Untitled Document

SECURITIES AND EXCHANGE COMMISSION

Washington, D.C. 20549

 
FORM 6-K
 
Report of Foreign Private Issuer
Pursuant to Rule 13a-16 or 15d-16 of the
Securities Exchange Act of 1934
 

For the month of December, 2008

Commission File Number 1-14493


VIVO PARTICIPAÇÕES S.A.
(Exact name of registrant as specified in its charter)
 
VIVO Holding Company
(Translation of Registrant's name into English)
 
Av. Roque Petroni Jr., no.1464, 6th floor – part, "B"building
04707-000 - São Paulo, SP
Federative Republic of Brazil
(Address of principal executive office)

Indicate by check mark whether the registrant files or will file annual reports under cover Form 20-F or Form 40-F.  Form 20-F ___X___ Form 40-F _______

 Indicate by check mark whether the registrant by furnishing the information contained in this Form is also thereby furnishing the information to the Commission pursuant to Rule 12g3-2(b) under the Securities Exchange Act of 1934.  

Yes _______ No ___X____

 


 

VIVO PARTICIPAÇÕES S.A.
Publicly-held company
CNPJ/MF 02.558.074/0001-73 - NIRE 35.300.158.792

TELEMIG CELULAR PARTICIPAÇÕES S.A.
Publicly-held company
CNPJ/MF 02.558.118/0001-65 - NIRE 31.300.025.357

TELEMIG CELULAR S.A.
Publicly-held company
CNPJ/MF 02.320.739/0001-06 NIRE 31.300.012.999

TCO IP S.A.
Closely-held company
CNPJ/MF 04.225.487/0001-61 - NIRE 35.300.357.213

NOTICE OF MATERIAL FACT

 

The Managements of Telemig Celular Participações S.A. (“Telemig Part.”), of Telemig Celular S.A. (“Telemig Celular”) and of Vivo Participações S.A. (“Vivo Participações”), inform that, it was approved on the shareholders extraordinary meetings of Telemig Part., Telemig Celular and TCO IP S.A., held on December 19, 2008, the corporate reorganization described in the notice of Material Fact dated of December 04, 2008, in which it was approved the total spin-off of TCO IP S.A., with the merger of part of its net worth into Telemig Celular and part into Telemig Celular Participações S.A., becoming Vivo Participações S.A. the direct shareholder of the referred companies.

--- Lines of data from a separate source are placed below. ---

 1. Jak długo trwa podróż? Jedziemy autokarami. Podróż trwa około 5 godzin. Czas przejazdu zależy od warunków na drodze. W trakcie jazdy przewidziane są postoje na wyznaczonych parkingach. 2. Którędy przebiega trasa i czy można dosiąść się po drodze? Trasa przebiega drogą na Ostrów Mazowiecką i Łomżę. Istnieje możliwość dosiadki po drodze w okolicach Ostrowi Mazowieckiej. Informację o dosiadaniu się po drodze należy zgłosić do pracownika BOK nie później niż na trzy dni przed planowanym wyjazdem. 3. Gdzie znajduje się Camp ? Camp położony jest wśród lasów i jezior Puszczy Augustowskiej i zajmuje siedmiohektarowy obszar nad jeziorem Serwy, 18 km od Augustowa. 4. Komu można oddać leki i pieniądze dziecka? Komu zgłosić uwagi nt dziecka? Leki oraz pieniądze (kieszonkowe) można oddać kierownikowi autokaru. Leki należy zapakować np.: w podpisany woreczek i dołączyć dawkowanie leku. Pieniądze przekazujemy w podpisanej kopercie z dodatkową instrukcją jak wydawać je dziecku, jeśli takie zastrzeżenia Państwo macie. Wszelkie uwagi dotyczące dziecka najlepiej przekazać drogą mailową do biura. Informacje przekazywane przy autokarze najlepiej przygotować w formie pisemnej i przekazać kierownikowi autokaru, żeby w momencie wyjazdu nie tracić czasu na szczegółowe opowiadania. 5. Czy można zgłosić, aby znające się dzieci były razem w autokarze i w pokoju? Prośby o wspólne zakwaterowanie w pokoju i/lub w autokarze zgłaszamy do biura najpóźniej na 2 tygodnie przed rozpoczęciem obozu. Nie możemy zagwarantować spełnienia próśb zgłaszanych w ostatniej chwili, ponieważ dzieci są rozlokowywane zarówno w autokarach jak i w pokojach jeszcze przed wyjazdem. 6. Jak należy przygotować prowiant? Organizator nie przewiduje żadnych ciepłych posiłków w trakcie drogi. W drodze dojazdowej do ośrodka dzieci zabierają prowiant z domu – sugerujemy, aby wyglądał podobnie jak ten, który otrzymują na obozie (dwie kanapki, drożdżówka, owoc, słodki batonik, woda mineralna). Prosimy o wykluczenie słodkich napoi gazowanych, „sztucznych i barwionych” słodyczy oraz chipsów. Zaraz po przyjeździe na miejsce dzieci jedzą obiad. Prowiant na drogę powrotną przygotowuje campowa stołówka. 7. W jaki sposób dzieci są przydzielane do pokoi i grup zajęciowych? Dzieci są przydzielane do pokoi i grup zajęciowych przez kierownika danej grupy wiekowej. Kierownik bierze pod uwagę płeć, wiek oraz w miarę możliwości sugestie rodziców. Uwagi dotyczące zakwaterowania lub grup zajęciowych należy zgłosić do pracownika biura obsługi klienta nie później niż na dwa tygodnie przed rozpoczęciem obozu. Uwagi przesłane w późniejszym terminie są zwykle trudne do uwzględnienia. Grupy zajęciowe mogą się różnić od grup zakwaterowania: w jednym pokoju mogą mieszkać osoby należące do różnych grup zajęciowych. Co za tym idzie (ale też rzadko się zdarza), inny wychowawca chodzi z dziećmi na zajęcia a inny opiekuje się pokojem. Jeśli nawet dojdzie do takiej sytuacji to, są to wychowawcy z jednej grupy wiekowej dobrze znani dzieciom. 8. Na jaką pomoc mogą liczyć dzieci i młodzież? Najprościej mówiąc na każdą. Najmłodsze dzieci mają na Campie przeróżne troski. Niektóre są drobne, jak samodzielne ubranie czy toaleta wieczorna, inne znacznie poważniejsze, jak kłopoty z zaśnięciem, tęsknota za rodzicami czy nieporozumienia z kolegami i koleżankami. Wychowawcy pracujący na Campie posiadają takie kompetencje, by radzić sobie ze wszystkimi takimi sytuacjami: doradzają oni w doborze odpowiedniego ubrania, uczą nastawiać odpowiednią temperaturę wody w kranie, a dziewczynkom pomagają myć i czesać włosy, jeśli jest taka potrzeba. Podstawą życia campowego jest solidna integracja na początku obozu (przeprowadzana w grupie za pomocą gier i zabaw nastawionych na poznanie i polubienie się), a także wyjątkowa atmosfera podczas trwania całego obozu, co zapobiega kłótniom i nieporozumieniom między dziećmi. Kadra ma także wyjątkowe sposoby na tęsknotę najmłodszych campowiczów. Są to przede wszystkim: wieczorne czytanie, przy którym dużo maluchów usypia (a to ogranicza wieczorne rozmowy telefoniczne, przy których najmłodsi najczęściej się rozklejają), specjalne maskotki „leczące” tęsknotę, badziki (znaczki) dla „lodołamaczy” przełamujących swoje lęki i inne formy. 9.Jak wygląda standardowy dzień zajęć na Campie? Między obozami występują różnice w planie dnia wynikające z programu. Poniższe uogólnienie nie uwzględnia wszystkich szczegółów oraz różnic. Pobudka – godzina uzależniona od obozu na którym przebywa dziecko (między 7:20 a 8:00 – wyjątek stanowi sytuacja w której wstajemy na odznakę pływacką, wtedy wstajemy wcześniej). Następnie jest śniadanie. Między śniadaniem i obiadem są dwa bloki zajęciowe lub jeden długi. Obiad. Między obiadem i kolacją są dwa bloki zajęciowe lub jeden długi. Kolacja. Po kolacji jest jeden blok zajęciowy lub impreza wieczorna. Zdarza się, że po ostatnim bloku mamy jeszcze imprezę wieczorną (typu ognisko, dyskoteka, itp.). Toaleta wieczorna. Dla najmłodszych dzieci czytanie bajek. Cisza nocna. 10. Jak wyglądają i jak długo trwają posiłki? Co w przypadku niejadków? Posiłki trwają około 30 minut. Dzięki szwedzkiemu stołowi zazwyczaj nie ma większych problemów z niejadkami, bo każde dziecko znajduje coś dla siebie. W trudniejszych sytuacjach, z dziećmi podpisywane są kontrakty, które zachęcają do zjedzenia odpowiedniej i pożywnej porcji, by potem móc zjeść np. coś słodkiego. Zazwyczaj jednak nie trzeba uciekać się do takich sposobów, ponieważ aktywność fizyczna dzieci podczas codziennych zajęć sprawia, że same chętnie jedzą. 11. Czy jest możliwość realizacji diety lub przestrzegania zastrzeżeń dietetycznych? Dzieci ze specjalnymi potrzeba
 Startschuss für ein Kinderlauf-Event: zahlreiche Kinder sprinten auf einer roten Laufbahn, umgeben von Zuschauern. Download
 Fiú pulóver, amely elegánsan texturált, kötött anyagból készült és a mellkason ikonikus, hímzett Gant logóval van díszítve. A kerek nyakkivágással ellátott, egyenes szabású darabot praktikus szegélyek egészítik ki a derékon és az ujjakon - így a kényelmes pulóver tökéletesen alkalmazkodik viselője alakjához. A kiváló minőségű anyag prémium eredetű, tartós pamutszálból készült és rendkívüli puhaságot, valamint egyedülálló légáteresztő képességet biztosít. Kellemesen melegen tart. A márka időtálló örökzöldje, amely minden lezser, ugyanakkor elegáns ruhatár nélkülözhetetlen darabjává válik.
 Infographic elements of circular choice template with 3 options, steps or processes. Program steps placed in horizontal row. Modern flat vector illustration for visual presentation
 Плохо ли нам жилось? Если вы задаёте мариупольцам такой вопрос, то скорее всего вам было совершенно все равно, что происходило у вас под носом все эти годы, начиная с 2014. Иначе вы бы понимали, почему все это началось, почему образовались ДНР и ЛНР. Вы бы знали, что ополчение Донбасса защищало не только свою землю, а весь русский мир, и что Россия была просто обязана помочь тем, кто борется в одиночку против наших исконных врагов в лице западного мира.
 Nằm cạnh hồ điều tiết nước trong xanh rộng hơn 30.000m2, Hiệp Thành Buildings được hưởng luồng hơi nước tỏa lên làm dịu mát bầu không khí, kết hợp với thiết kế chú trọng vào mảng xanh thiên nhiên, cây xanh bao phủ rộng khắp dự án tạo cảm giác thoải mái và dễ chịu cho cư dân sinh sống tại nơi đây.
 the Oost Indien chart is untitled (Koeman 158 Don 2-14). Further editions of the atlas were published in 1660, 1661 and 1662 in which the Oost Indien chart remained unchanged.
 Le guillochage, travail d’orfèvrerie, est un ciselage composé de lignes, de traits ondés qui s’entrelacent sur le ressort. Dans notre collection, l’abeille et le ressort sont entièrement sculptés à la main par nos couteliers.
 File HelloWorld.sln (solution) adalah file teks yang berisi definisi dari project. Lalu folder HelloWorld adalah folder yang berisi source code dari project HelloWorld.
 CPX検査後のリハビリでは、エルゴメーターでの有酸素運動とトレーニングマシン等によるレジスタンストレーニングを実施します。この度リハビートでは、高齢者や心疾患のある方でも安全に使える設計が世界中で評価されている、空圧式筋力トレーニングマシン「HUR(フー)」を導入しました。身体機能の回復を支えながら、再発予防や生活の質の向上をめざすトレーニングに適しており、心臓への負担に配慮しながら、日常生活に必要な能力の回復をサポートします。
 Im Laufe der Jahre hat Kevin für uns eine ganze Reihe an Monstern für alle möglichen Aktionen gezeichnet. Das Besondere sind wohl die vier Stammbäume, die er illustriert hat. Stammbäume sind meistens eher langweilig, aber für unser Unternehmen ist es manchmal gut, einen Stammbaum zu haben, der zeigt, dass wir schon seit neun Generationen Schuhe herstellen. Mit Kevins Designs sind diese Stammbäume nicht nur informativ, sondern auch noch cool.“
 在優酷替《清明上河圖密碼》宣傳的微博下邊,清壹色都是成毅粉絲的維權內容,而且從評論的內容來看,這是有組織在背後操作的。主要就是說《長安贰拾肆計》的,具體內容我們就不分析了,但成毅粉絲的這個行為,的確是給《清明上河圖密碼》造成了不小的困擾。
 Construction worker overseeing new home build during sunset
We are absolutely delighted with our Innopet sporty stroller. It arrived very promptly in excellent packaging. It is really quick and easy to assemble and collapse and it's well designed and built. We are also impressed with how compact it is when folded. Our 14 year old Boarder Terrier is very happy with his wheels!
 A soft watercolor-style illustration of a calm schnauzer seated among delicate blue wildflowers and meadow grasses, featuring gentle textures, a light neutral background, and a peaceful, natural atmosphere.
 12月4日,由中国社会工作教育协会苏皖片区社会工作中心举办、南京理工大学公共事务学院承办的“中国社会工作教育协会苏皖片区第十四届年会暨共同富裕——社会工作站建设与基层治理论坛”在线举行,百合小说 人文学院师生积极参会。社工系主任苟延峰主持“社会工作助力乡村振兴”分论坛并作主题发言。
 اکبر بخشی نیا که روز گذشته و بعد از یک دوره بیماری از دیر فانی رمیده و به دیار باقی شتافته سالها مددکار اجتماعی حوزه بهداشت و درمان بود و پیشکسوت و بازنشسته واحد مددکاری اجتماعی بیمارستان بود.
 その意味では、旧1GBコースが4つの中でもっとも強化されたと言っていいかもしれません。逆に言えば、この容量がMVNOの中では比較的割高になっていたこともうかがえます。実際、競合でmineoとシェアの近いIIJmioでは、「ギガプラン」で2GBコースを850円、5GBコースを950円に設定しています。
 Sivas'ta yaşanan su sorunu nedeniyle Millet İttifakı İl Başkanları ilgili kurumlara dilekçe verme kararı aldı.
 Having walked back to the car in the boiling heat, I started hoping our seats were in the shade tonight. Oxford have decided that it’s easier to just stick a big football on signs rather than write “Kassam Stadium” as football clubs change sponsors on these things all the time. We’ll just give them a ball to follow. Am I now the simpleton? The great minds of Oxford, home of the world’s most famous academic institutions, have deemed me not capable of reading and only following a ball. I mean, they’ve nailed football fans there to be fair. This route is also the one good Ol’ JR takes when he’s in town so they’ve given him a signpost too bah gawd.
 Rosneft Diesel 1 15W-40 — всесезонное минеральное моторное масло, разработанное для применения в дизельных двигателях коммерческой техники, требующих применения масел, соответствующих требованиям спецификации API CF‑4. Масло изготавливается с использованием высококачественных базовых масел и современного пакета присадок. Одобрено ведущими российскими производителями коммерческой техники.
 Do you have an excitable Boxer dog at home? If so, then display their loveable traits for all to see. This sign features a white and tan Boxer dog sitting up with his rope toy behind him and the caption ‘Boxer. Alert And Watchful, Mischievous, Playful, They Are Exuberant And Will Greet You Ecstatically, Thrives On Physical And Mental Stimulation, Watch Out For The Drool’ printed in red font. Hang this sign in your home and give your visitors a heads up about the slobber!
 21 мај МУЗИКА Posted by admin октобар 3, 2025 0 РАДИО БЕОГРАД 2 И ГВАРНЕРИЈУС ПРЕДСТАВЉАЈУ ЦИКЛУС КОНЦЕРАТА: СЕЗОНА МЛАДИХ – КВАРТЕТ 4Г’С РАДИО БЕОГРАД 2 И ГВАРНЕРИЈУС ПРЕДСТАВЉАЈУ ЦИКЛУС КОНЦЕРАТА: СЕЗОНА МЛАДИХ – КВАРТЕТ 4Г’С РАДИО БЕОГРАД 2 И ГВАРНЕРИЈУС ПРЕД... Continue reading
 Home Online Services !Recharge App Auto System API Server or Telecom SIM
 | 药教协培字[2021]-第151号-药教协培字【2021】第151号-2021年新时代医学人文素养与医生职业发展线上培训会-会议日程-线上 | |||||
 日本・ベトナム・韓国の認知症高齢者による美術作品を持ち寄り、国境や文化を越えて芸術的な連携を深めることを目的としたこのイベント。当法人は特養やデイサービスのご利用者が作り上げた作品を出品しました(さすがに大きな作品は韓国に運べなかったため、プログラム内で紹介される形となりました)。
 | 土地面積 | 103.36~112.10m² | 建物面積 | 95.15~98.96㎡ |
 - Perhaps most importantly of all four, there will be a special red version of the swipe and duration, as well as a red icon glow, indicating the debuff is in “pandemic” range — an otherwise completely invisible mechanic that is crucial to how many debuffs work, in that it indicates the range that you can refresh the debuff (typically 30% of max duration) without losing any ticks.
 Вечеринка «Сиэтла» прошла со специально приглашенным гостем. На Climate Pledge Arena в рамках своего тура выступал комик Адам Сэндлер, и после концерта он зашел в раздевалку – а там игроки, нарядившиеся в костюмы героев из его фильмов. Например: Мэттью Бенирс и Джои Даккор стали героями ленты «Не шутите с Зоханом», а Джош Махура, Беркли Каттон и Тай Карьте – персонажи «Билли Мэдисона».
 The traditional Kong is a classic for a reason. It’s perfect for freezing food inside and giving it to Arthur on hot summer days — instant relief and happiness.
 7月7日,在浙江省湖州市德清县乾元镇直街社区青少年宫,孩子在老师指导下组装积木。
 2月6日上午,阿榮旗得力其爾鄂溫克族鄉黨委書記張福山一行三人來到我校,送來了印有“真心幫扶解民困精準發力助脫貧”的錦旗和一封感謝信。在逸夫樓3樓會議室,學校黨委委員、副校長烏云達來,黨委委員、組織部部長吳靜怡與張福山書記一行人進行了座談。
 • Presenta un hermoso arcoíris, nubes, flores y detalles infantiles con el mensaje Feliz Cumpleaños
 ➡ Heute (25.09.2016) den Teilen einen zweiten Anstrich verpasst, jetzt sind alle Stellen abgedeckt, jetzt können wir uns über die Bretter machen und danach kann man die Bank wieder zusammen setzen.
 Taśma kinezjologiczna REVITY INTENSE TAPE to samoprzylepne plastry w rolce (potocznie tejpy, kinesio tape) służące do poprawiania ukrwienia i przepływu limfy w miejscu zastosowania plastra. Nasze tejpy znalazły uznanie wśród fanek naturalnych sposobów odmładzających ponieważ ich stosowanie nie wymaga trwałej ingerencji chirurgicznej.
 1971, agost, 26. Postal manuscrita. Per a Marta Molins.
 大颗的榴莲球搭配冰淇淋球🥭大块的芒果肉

São Paulo, December 19, 2008.

Ernesto Gardelliano
Investor Relations Officer
Vivo Participações S.A.
Telemig Celular Participações S.A.
Telemig Celular S.A.

www.vivo.com.br/ir
www.telemigholding.com.br

 


SIGNATURE
   

Pursuant to the requirements of the Securities Exchange Act of 1934, the registrant has duly caused this report to be signed on its behalf by the undersigned, thereunto duly authorized.

Date: December 22, 2008

 
VIVO PARTICIPAÇÕES S.A.
By:
/S/ Ernesto Gardelliano

 
Ernesto Gardelliano
Investor Relations Officer
 
 
FORWARD-LOOKING STATEMENTS

This press release may contain forward-looking statements. These statements are statements that are not historical facts, and are based on management's current view and estimates of future economic circumstances, industry conditions, company performance and financial results. The words "anticipates", "believes", "estimates", "expects", "plans" and similar expressions, as they relate to the company, are intended to identify forward-looking statements. Statements regarding the declaration or payment of dividends, the implementation of principal operating and financing strategies and capital expenditure plans, the direction of future operations and the factors or trends affecting financial condition, liquidity or results of operations are examples of forward-looking statements. Such statements reflect the current views of management and are subject to a number of risks and uncertainties. There is no guarantee that the expected events, trends or results will actually occur. The statements are based on many assumptions and factors, including general economic and market conditions, industry conditions, and operating factors. Any changes in such assumptions or factors could cause actual results to differ materially from current expectations.